Have 2 ParaOrdanance LDA's, Carry 7 and Carry 12. They both never functioned correctly so did not see much target practice. What is happening on both with different ammos is not fully ejecting the case from the barrel and the new round stuck under it and also when fires the ejected round stove pipes. Any ideas would be welcome.


----------



## VAMarine (Dec 25, 2008)

Call Para and send them in for repair.

The issues described could be a number of things ranging from operator error to out of spec chamber to extractor issues to bad springs.


----------



## rex (Jan 27, 2012)

What caliber (I don't follow Para) and how old are they?Also have you changed anything and what specific ammo did you try?Para will fix it but make real sure you aren't "limp wristing" it or they may charge you the shipping.In the one description,does the round actually stay in the chamber as the next tries to feed?All the info and pics if possible help alot.


----------



## Steve M1911A1 (Feb 6, 2008)

About "limp wristing"...
Have an experienced pistol shooter use the guns, and see of he or she has the same problems.
Because you are having the exact same extraction/feeding problem with two separate pistols, I strongly suspect operator error.
Hold the gun as tightly as you can, keep your wrists and arms locked and rigid, and use some follow-through. I bet that will cure the problem.

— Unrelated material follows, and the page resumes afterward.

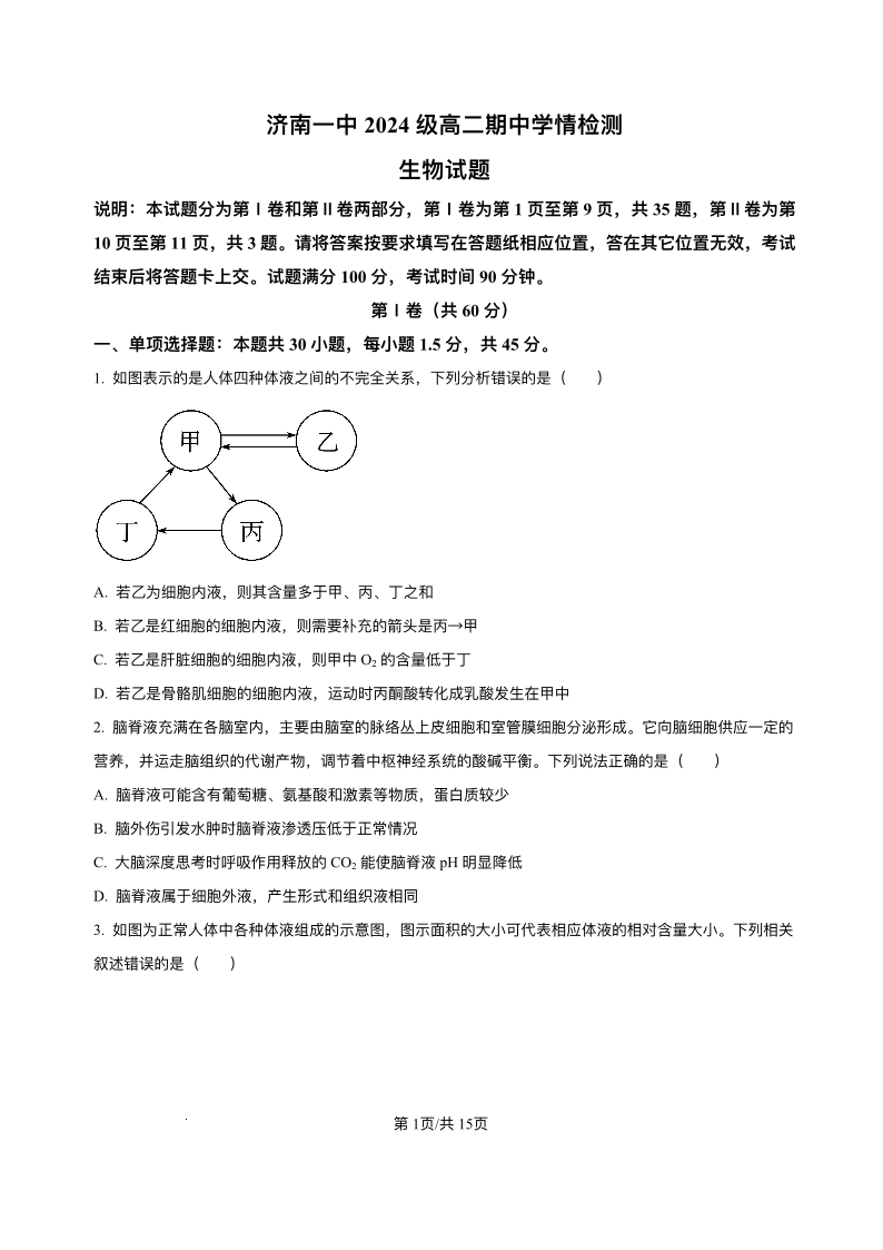 山东省济南第一中学2025-2026学年高二上学期期中学情检测 生物试题(含答案).pdf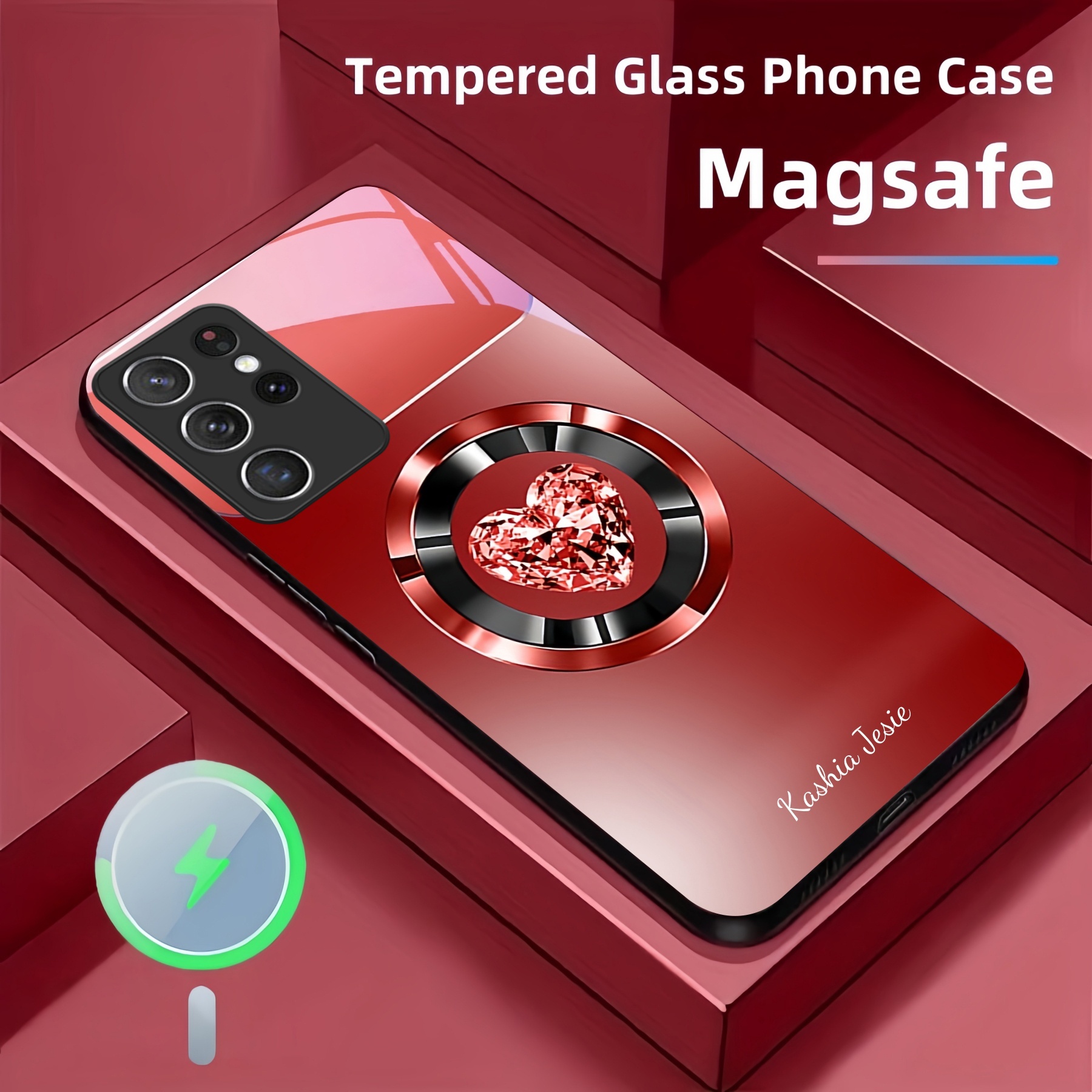 Personalized Diamond Heart Ring Magsafe Tempered Glass Case

Semi-auto pistols need to be able to use all of the recoil impulse, to operate correctly. If you absorb some of that impulse with your hands and arms, the gun will malfunction.


----------



## rex (Jan 27, 2012)

I'm thinking that's the problem Steve,I take it the "carry" model is short since I lost my old annual and the new one doesn't list them.I'm not big on Paras,but both would be more likely limping or they were built close enough together to get the same batch of out of spec parts.I'm waiting to hear if the round is actually hanging out in the chamber or not.


----------